= DiShIn =

As described in and
DiShIn (Disjunctive Shared Information) is method to calculate that shared information content by complementing the value of most informative common ancestor (MICA) with their disjunctive ancestors by exploring the multiple inheritance of an ontology.

The shared information content of two terms in an Ontology (information science) is a popular technique to measure their semantic similarity. DiShIn re-defines the shared information content between two concepts as the average of all their disjunctive ancestors, assuming that an ancestor is disjunctive if the difference between the number of distinct paths from the concepts to it is different from that of any other more informative ancestor. In other words, a disjunctive ancestor is the most informative ancestor representing a given set of parallel interpretations. DiShIn is an improvement of GraSM in terms of computational efficiency and in the management of parallel interpretations.

== Example ==

For example, palladium, platinum, silver and gold are considered to be precious metals, and silver, gold and copper considered to be coinage metals. Thus, we have:

                     metal
                    / \
            precious coinage
           / | \ \ / / \
          / | \ gold / \
 palladium platinum silver copper

When calculating the semantic similarity between platinum and gold,
DiShIn starts by calculating the number of paths difference for all their common ancestors:
 gold -> coinage -> metal
 gold -> precious -> metal
 platinum -> precious -> metal

 gold -> precious
 platinum -> precious

For metal we have two paths from gold and one from platinum, so we have a path difference of one.
For precious we have one path from each concept, so we have a path difference of zero.
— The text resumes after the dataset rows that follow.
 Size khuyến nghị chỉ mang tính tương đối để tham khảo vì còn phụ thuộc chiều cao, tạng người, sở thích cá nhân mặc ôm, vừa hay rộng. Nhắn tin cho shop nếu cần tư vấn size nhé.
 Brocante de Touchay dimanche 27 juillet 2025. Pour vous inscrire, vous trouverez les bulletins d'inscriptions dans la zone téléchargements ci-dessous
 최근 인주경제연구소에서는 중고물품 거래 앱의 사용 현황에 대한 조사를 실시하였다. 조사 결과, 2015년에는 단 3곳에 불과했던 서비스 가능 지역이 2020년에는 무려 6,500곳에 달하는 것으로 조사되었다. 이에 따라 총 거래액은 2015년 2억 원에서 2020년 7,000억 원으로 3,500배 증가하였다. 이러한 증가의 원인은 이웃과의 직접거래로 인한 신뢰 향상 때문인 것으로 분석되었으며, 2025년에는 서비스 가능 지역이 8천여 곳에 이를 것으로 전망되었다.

Since their path difference is distinct, both common ancestors metal and precious are considered to be disjunctive common ancestors.
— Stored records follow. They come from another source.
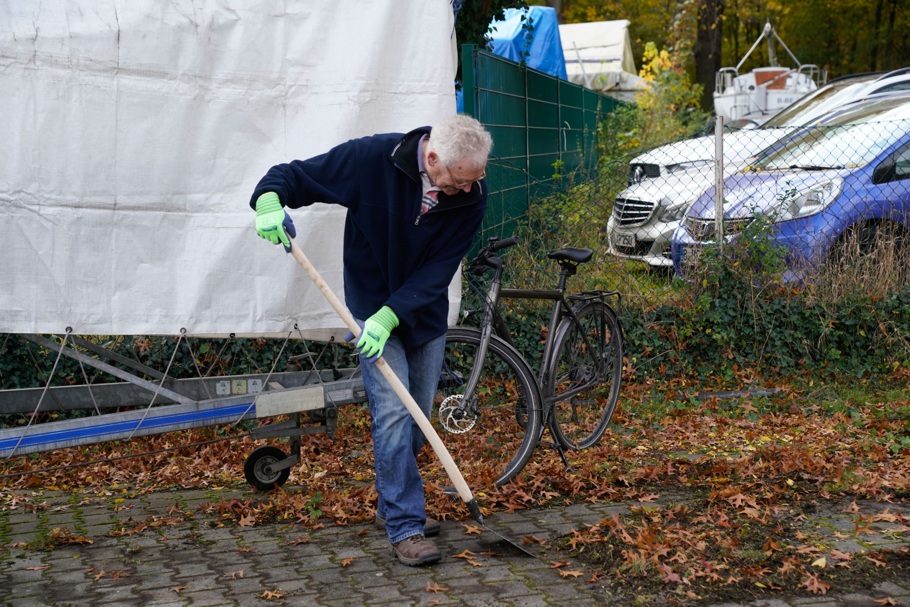 Wie immer mussten die Jollen in der Halle verstaut werden, das Grundstück gereinigt und von Laub und Unkraut befreit und so auf den Winter vorbereitet werden. Es wurde gekärchert, geputzt und geharkt und natürlich gab es zwischendurch auch immer wieder die nötige Zeit für ein Schwätzchen unter Segelfreunden.
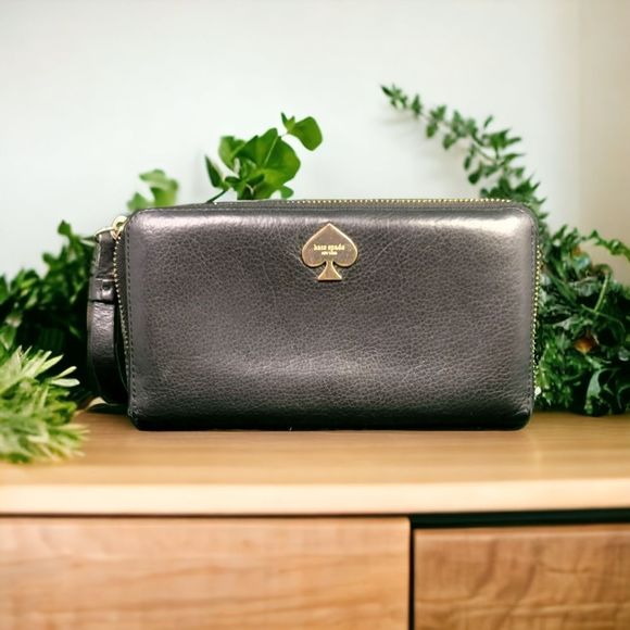 This is a beautiful, pre-owned Kate Spade black leather wallet with numerous card slots and inside zipper for coins with an additional outer pocket.
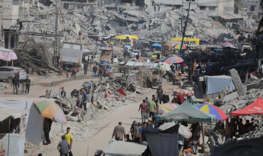 Foto lingkungan Sheikh Ridwan, Kota Gaza, memperlihatkan kerusakan parah yang tersisa setelah serdadu ‘Israel’ hengkang usai gencatan senjata pada 25 Oktober 2025. [Hassan Jedi – Anadolu Agency]
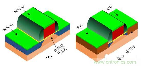 隨著MOS器件的特征尺寸不斷縮小到90nm及以下時,短溝道效應(yīng)中的器件亞閾值電流成為妨礙工藝進一步發(fā)展的主要因素,盡管提高溝道摻雜濃度可以在一定程度上抑制短溝道效應(yīng),然而高摻雜的溝道會增大庫倫散射,使載流子遷移率下降,導(dǎo)致器件的速度降低,所以僅僅依靠縮小MOS器件的幾何尺寸已經(jīng)不能滿足器件性能的提高,需要一些額外的工藝技術(shù)來提高器件的電學(xué)性能,例如應(yīng)變硅技術(shù)。應(yīng)變硅技術(shù)是通過外延生長在源漏區(qū)嵌入應(yīng)變材料使溝道發(fā)生應(yīng)變,從而提高載流子遷移率,最終提高器件的速度。例如NMOS的應(yīng)變材料是SiC,PMOS的應(yīng)變材料是SiGe。另外,隨著源漏的結(jié)深的短減小,源漏擴散區(qū)的厚度已經(jīng)不能滿足形成Salicide的最小厚度要求,必須利用新技術(shù)RSD(Raise Source and Drain)技術(shù)來增加源漏擴散區(qū)的厚度。RSD技術(shù)是通過外延技術(shù)生長在源漏區(qū)嵌入應(yīng)變材料的同時提高源漏擴散區(qū)的厚度。如圖1.15(b)所示,是采用應(yīng)變硅和RSD技術(shù)的MOS管結(jié)構(gòu)圖。
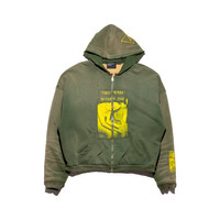 LONG-SLEEVE ZIP HOODED SWEATSHIRT MADE OF HEAVY WEIGHT BRUSHED FRENCH TERRY. BOXY, DROP-SHOULDER FIT. DOUBLE LAYER HOOD. COTTON THERMAL LINED BODY. KANGAROO POCKET. RIB KNIT CUFFS AND WAISTBAND. PATCHWORK PRINTED ARTWORK THROUGHOUT. MONOGRAM BRANDED HARDWARE. VINTAGE WASH PROCESS. DISTRESSING THROUGHOUT. MADE IN THE USA.
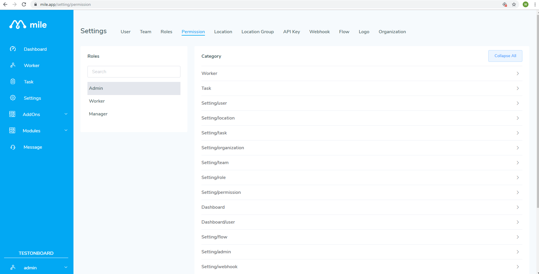 Akses menu pada setiap peran (Role) dapat diatur dari sub menu Permission seperti gambar di bawah ini:
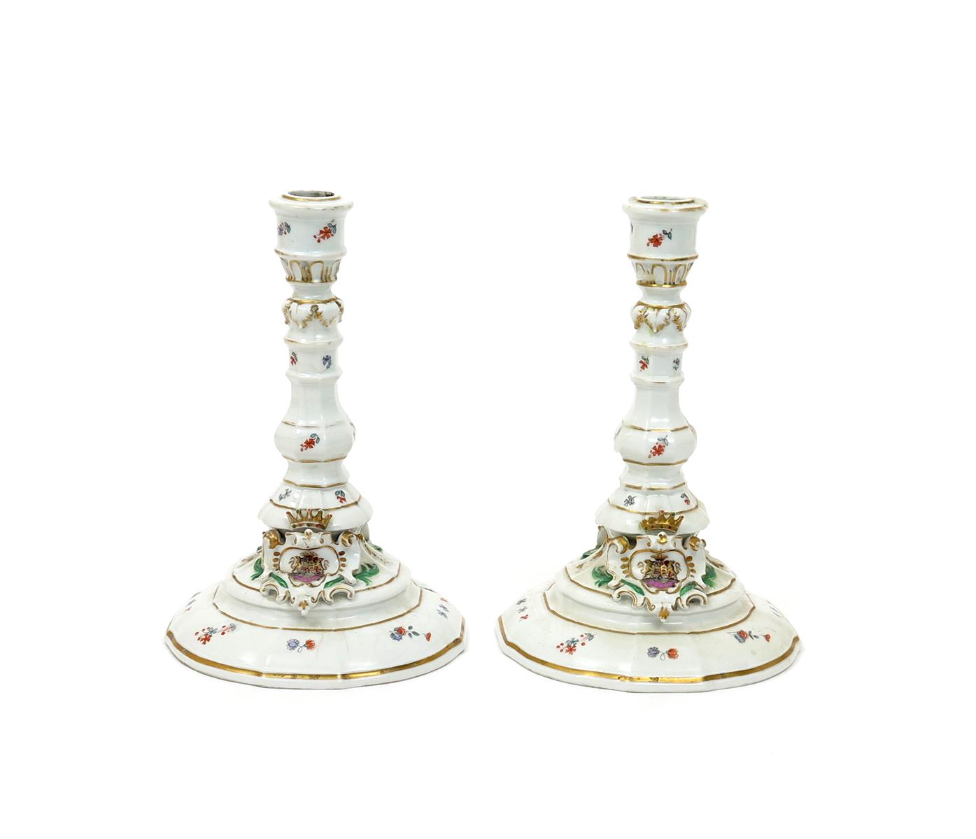 A pair of Meissen-style candlesticks late 19th century, of faceted form, applied with crowned armorial shields and painted with sprays of Kakiemon flowers, pseudo blue crossed swords and star marks, one sconce broken off and restuck, 24cm. (2)

When calculating the semantic similarity between platinum and palladium,
DiShIn starts by calculating the number of paths difference for all their common ancestors:
 palladium -> precious -> metal
 platinum -> precious -> metal

 palladium -> precious
 platinum -> precious

For both metal and precious, we have only one path from each concept, so we have a path difference of zero for both common ancestors.
Thus, only the common ancestor precious (the most informative) is considered to be a disjunctive common ancestor.

Given that node-based semantic similarity measures are proportional to the average of the information content of their common disjunctive ancestors: metal and precious in case of platinum and gold; and precious in case of platinum and palladium, means that for DiShIn palladium and platinum are more similar than platinum and gold.
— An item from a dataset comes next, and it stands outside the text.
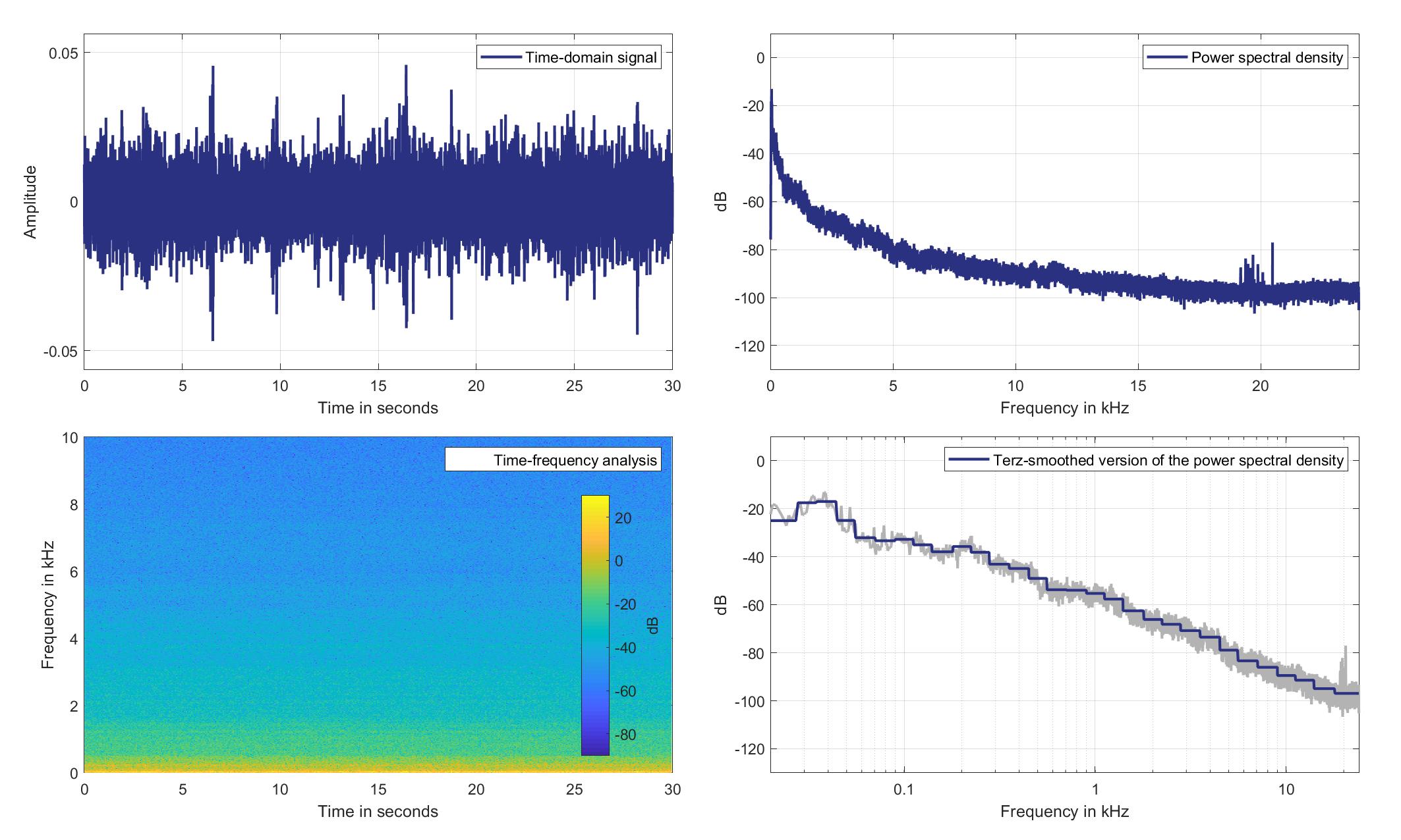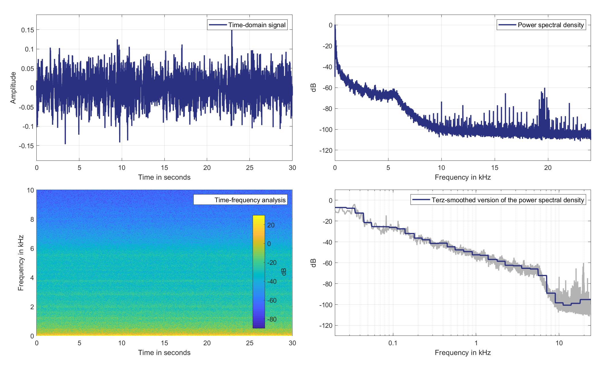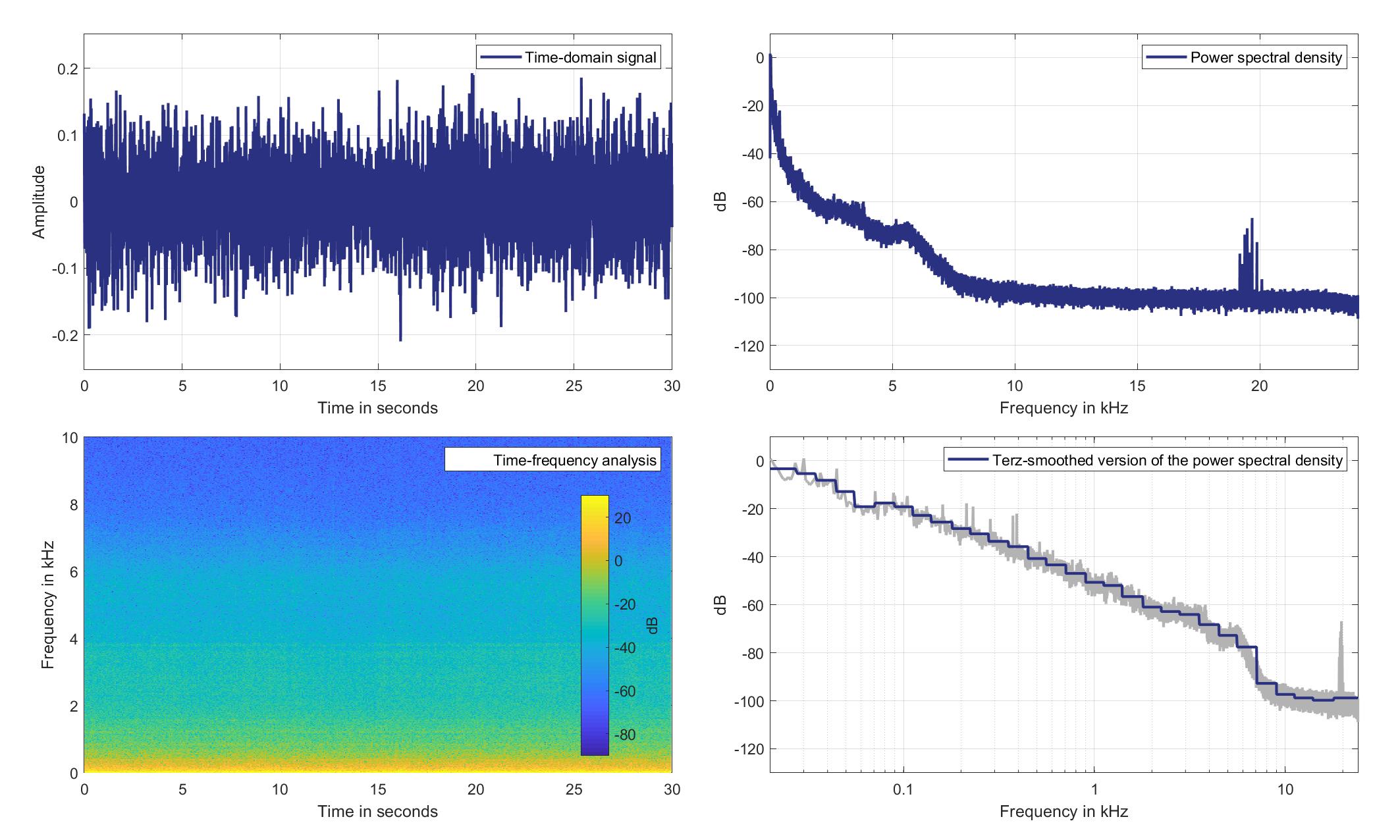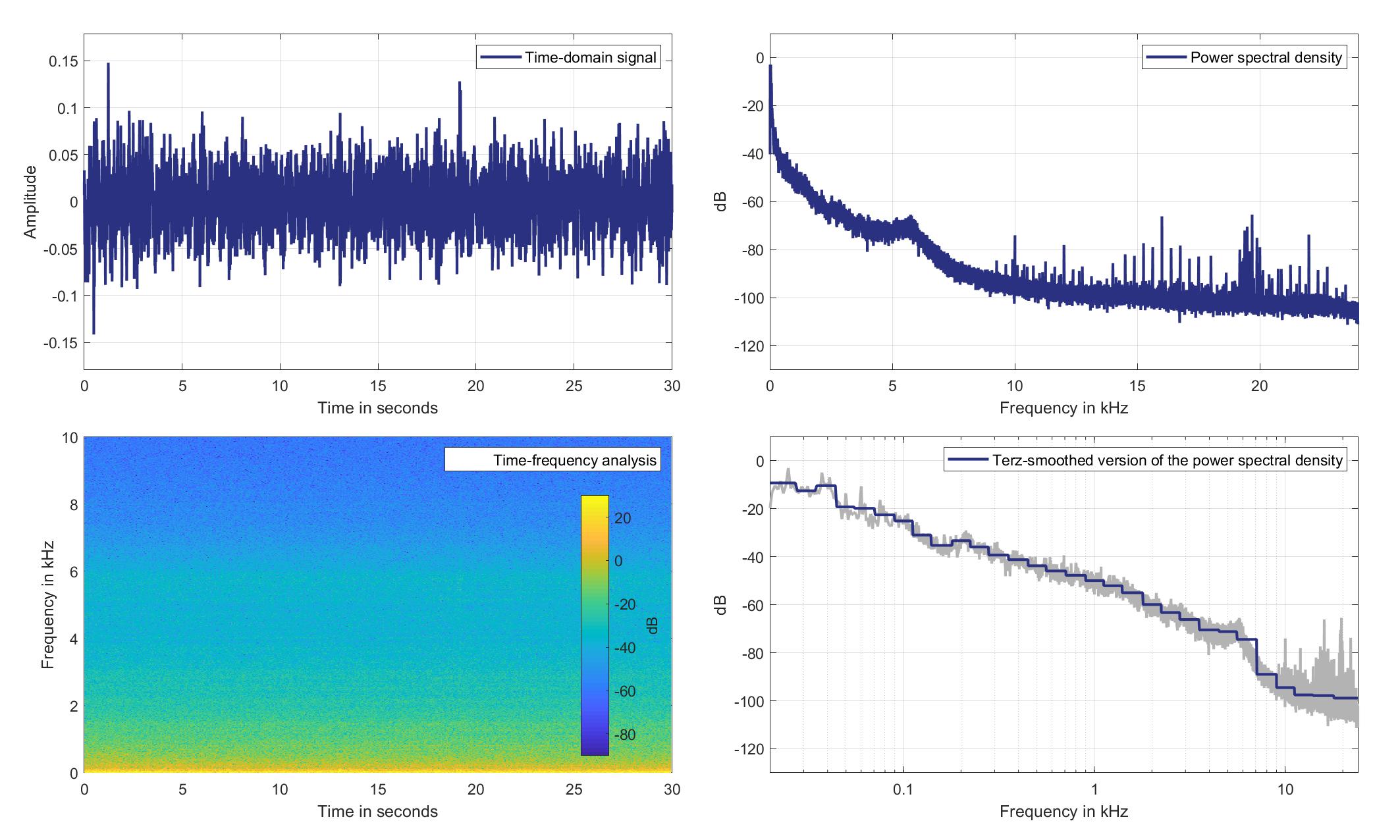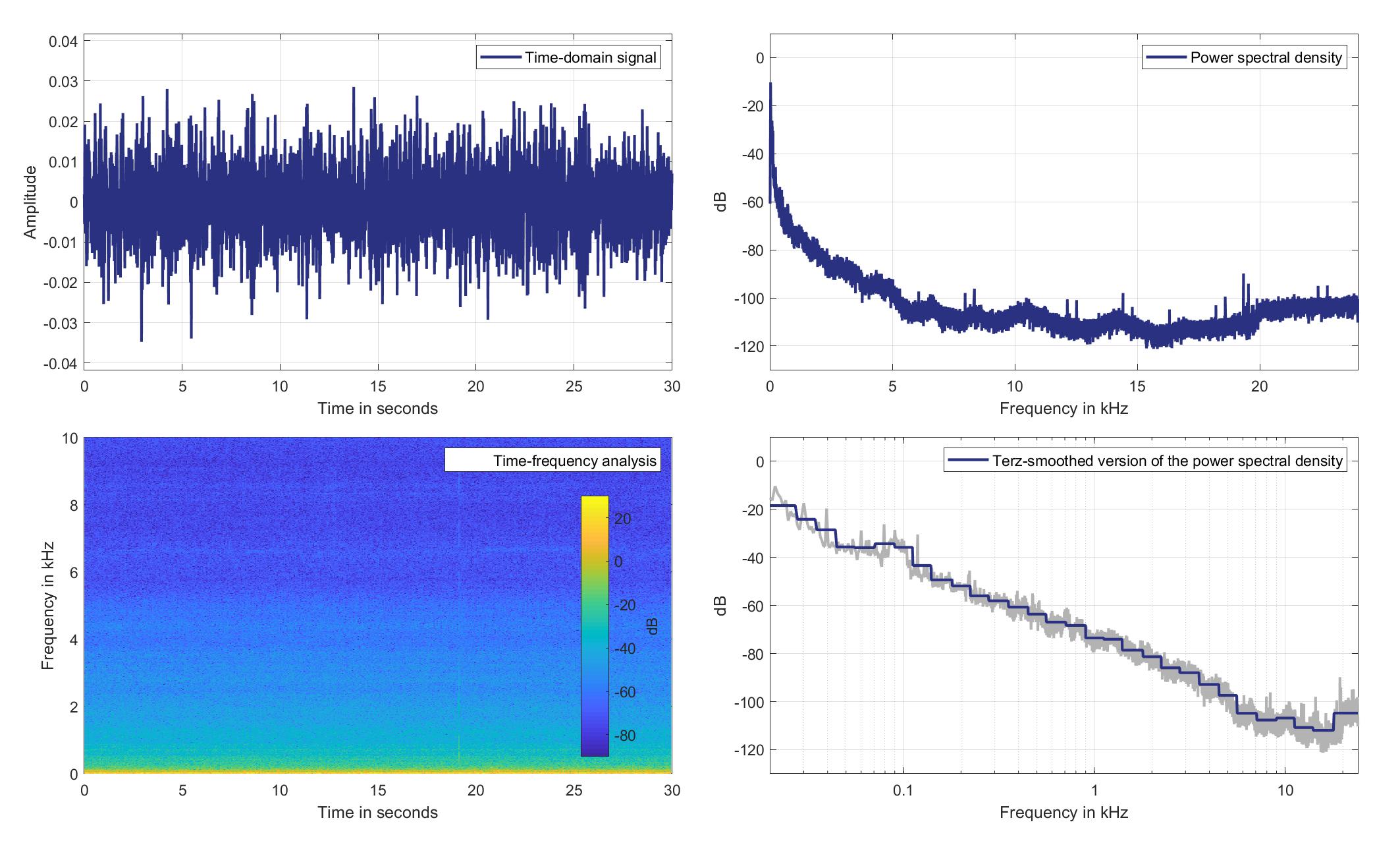 All recordings are presented below in four different analyses per microphone and condition. The first plot shows the time-domain signal and the second one a time-frequency analysis. In the third diagram you can see an estimate of the power spectral density and the last one shows the terz-smoothed version of the power spectral density. Furthermore, you can listen to each noise example for each microphone and situation. The wav files can be downloaded below as single files or in a zipped version of all files in the section "Downloads".

When calculating the semantic similarity between silver and gold,
DiShIn starts by calculating the number of paths difference for all their common ancestors:
 gold -> coinage -> metal
 gold -> precious -> metal
 silver -> coinage -> metal
 silver -> precious -> metal

 gold -> precious
 silver -> precious

 gold -> coinage
 silver -> coinage

As in the case of platinum and palladium, here all common ancestors have a path difference of zero, since silver and gold share the same relationships
and therefore have parallel interpretations.
Thus, only the most informative common ancestor precious or coinage is considered to be a disjunctive common ancestor.
This means that for DiShIn the similarity between silver and gold is greater or equal than the similarity between any other pair of the leaf concepts.
Thus, DiShIn does not penalize parallel interpretations as GraSM did.